> [Records for this exercise]
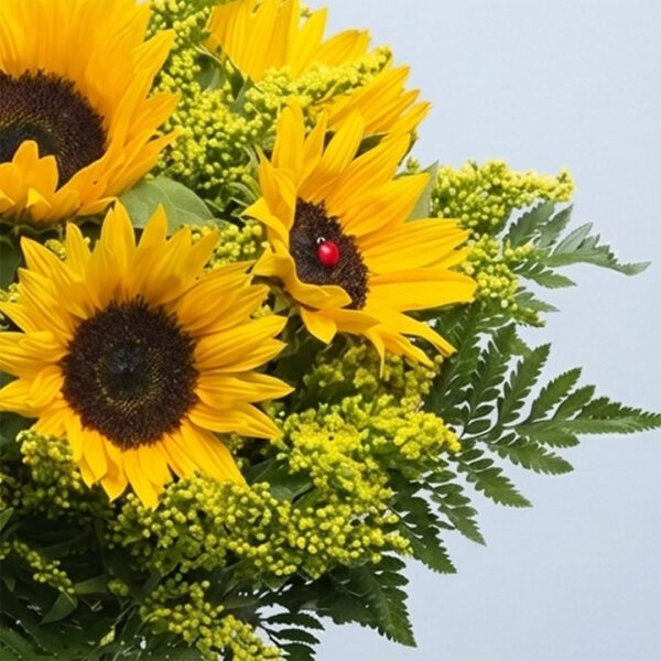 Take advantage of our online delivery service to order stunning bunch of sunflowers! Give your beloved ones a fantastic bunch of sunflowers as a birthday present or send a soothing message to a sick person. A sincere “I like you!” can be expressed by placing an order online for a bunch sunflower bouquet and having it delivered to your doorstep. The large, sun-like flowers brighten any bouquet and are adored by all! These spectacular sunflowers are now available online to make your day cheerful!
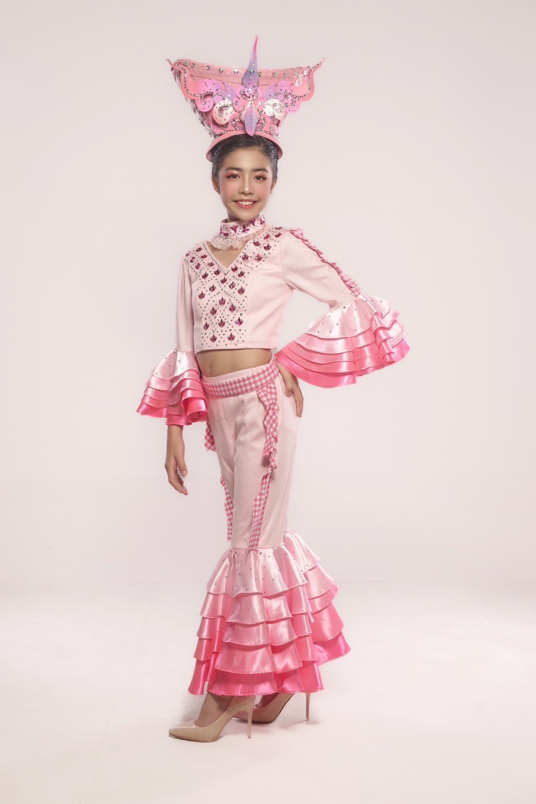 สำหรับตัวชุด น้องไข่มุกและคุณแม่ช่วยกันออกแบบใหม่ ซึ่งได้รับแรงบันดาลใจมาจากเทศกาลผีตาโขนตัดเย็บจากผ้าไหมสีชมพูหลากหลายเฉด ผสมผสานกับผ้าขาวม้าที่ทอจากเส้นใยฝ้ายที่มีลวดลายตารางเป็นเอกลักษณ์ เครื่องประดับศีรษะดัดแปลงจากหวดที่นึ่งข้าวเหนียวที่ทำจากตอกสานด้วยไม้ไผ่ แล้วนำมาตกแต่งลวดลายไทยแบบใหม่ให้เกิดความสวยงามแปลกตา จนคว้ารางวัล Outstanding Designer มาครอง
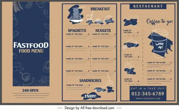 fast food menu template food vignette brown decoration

==

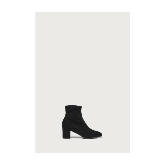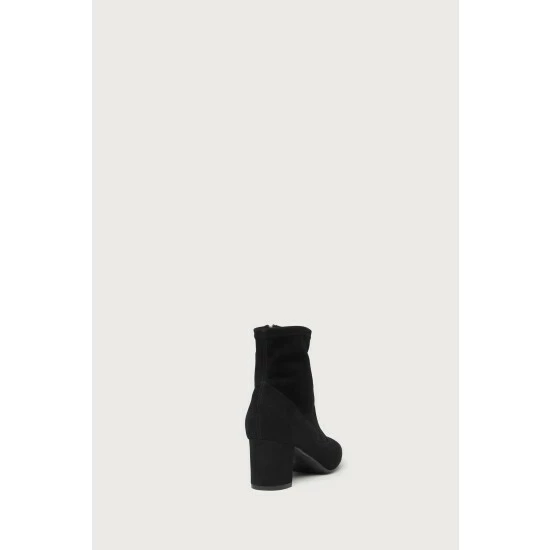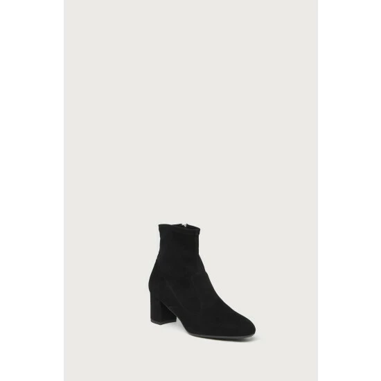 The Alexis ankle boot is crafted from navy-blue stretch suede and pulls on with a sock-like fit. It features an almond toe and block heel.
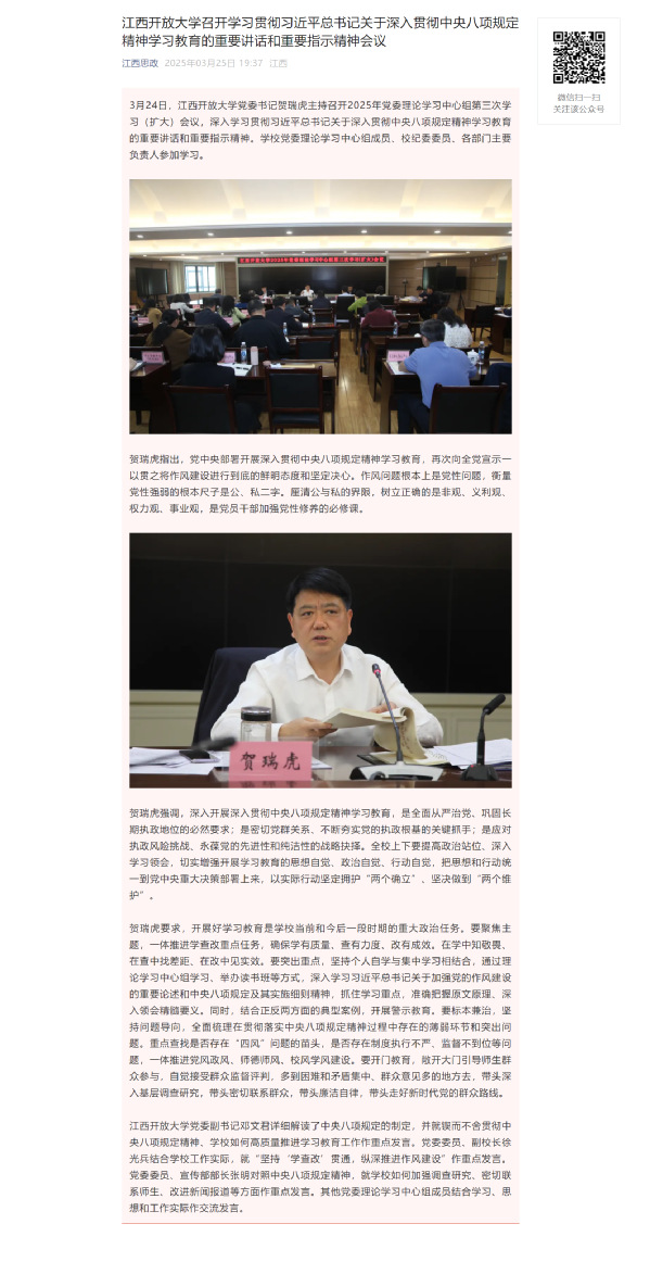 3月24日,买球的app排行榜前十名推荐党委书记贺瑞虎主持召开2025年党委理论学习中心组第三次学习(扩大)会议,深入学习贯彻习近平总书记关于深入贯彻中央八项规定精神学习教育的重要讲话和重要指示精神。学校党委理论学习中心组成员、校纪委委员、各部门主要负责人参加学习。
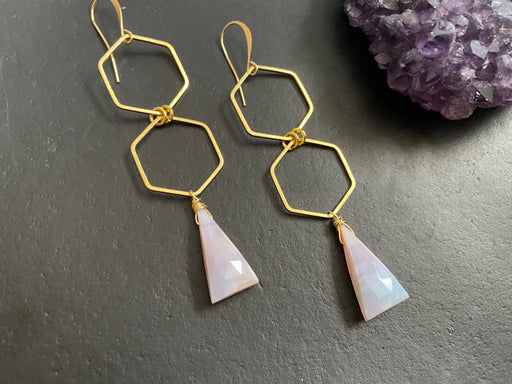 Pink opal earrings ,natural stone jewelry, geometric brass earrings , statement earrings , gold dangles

==

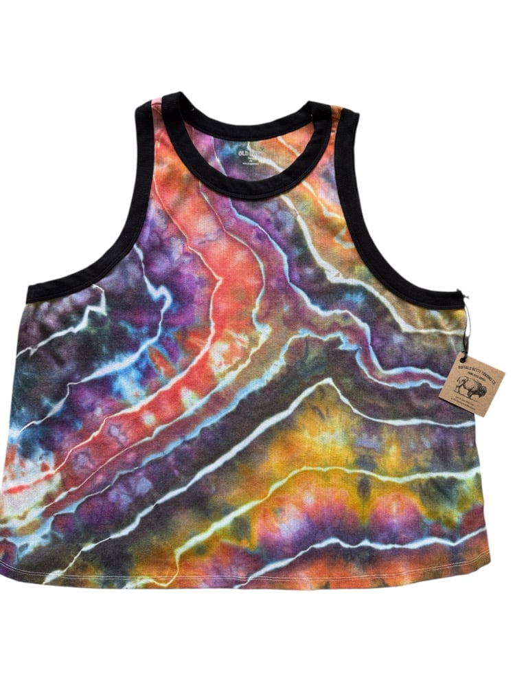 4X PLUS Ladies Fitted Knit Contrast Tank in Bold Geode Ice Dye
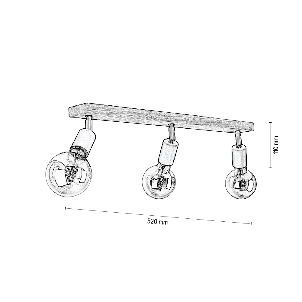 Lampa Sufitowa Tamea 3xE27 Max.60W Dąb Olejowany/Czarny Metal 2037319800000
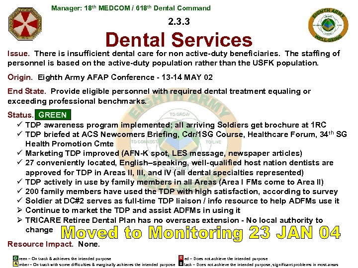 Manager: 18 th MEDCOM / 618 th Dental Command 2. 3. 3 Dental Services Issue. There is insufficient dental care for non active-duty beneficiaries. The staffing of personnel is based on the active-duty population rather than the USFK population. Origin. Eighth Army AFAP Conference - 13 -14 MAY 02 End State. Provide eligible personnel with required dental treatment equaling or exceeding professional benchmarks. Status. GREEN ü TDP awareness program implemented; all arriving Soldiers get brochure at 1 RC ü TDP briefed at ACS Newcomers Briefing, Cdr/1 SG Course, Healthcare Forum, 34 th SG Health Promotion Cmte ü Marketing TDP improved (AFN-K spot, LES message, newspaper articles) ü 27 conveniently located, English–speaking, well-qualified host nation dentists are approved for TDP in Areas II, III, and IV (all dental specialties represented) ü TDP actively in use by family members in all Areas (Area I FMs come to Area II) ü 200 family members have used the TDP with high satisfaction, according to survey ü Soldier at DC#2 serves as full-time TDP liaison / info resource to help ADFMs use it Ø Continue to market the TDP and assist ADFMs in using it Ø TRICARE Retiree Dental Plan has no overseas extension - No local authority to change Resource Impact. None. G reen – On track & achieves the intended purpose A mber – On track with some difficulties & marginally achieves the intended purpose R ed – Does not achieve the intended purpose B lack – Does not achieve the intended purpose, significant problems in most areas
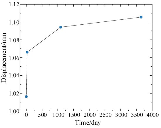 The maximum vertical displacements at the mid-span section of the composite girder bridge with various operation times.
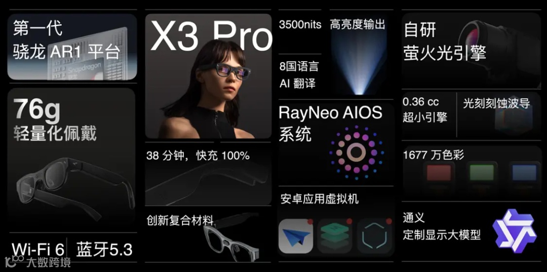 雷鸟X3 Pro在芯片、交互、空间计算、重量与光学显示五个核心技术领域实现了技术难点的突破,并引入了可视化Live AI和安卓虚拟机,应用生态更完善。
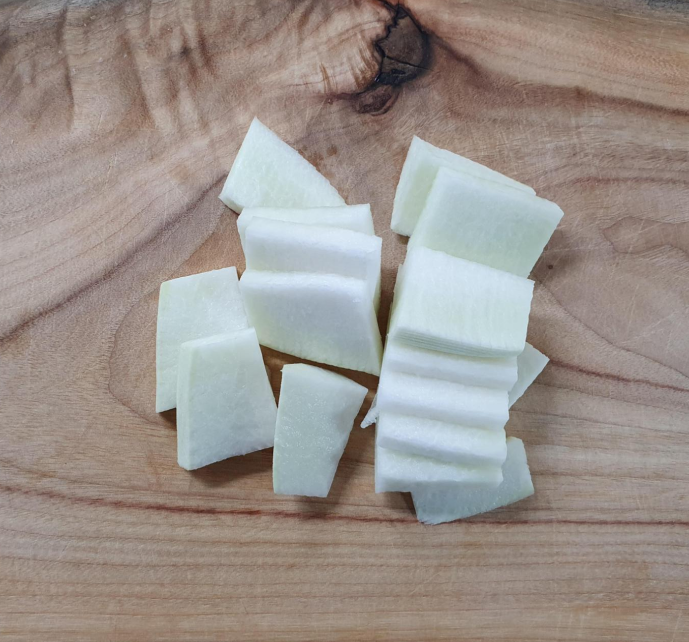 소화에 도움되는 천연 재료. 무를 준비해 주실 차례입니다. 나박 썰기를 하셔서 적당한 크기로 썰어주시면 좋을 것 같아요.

> [Assignment] "Take advantage of" marks the first line to copy, and "fast food menu" marks the last. Repeat that stretch above exactly, with no pictures.

> [Answer to this task]
 Take advantage of our online delivery service to order stunning bunch of sunflowers! Give your beloved ones a fantastic bunch of sunflowers as a birthday present or send a soothing message to a sick person. A sincere “I like you!” can be expressed by placing an order online for a bunch sunflower bouquet and having it delivered to your doorstep. The large, sun-like flowers brighten any bouquet and are adored by all! These spectacular sunflowers are now available online to make your day cheerful!
 สำหรับตัวชุด น้องไข่มุกและคุณแม่ช่วยกันออกแบบใหม่ ซึ่งได้รับแรงบันดาลใจมาจากเทศกาลผีตาโขนตัดเย็บจากผ้าไหมสีชมพูหลากหลายเฉด ผสมผสานกับผ้าขาวม้าที่ทอจากเส้นใยฝ้ายที่มีลวดลายตารางเป็นเอกลักษณ์ เครื่องประดับศีรษะดัดแปลงจากหวดที่นึ่งข้าวเหนียวที่ทำจากตอกสานด้วยไม้ไผ่ แล้วนำมาตกแต่งลวดลายไทยแบบใหม่ให้เกิดความสวยงามแปลกตา จนคว้ารางวัล Outstanding Designer มาครอง
 fast food menu template food vignette brown decoration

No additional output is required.